### Exercise description
The result should be the lines from the one holding "Once a valid" to the final line of the records below, repeated exactly and with no pictures.

_ _ _ _ _ _ _

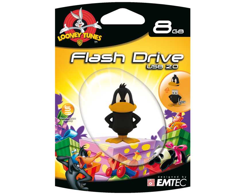 Memoria USB Looney Tunes en 3D, una exclusividad de EMTEC! - Fabricadas en caucho siliconado - Tamaño mini (ningún personaje supera los 46mm) - Con un extremo de goma suspendido de una cadena: lleve a todas partes su personaje preferido. Sin riesto de perder una parte de la memoria mientras esta se encuentra conectada: basta con unir ambas partes de la memoria con el extremo de goma.
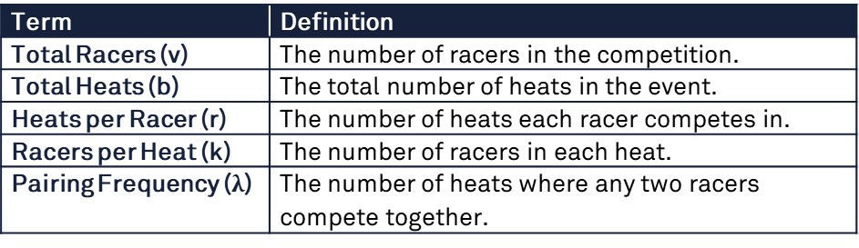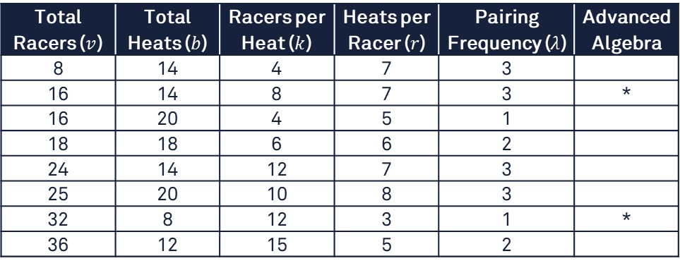 Once a valid BIBD is established, scheduling matrices can streamline the fair allocation of heats. BIBD configurations can be adapted to almost any combination of racers, heats, and other parameters set by event organisers, allowing for tailored competition structures. The table below represents just a sample of possible designs.
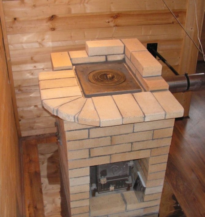 Начинаещите производители на печки се съветват да обърнат внимание точно на такава проста тухлена печка. Готовата конструкция има малък размер - общата заемана площ е не повече от 0,5 м2
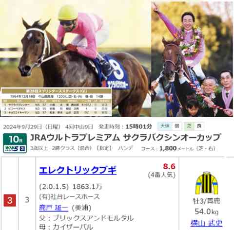 スプリンターズステークスでは、横山典弘の子・武史騎手がママコチャのと同枠の3枠。
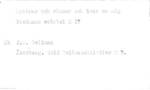 //// ^ystrar och vänner och hvar en mig Fredmans epistel H 17 //// C.Li. Bellman //// Åkerberg, Tolf lellmansmel odier H
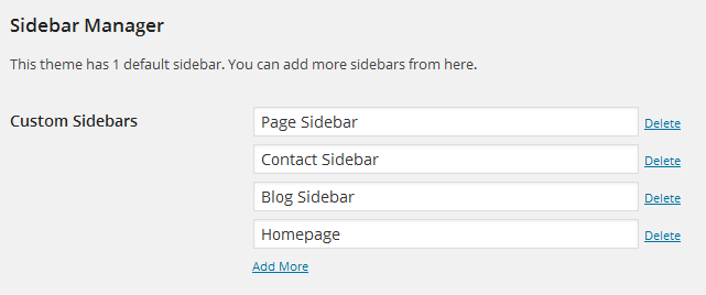 To add more custom sidebars, please go to admin » Appearance » Theme Options » Sidebar Manager
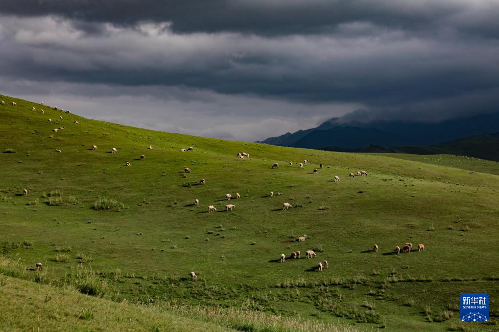 7月8日,羊群在乌鞘岭下的草场上觅食。新华社记者 郎兵兵 摄

_ _ _ _ _ _ _

### Output below
 Once a valid BIBD is established, scheduling matrices can streamline the fair allocation of heats. BIBD configurations can be adapted to almost any combination of racers, heats, and other parameters set by event organisers, allowing for tailored competition structures. The table below represents just a sample of possible designs.
 Начинаещите производители на печки се съветват да обърнат внимание точно на такава проста тухлена печка. Готовата конструкция има малък размер - общата заемана площ е не повече от 0,5 м2
 スプリンターズステークスでは、横山典弘の子・武史騎手がママコチャのと同枠の3枠。
 //// ^ystrar och vänner och hvar en mig Fredmans epistel H 17 //// C.Li. Bellman //// Åkerberg, Tolf lellmansmel odier H
 To add more custom sidebars, please go to admin » Appearance » Theme Options » Sidebar Manager
 7月8日,羊群在乌鞘岭下的草场上觅食。新华社记者 郎兵兵 摄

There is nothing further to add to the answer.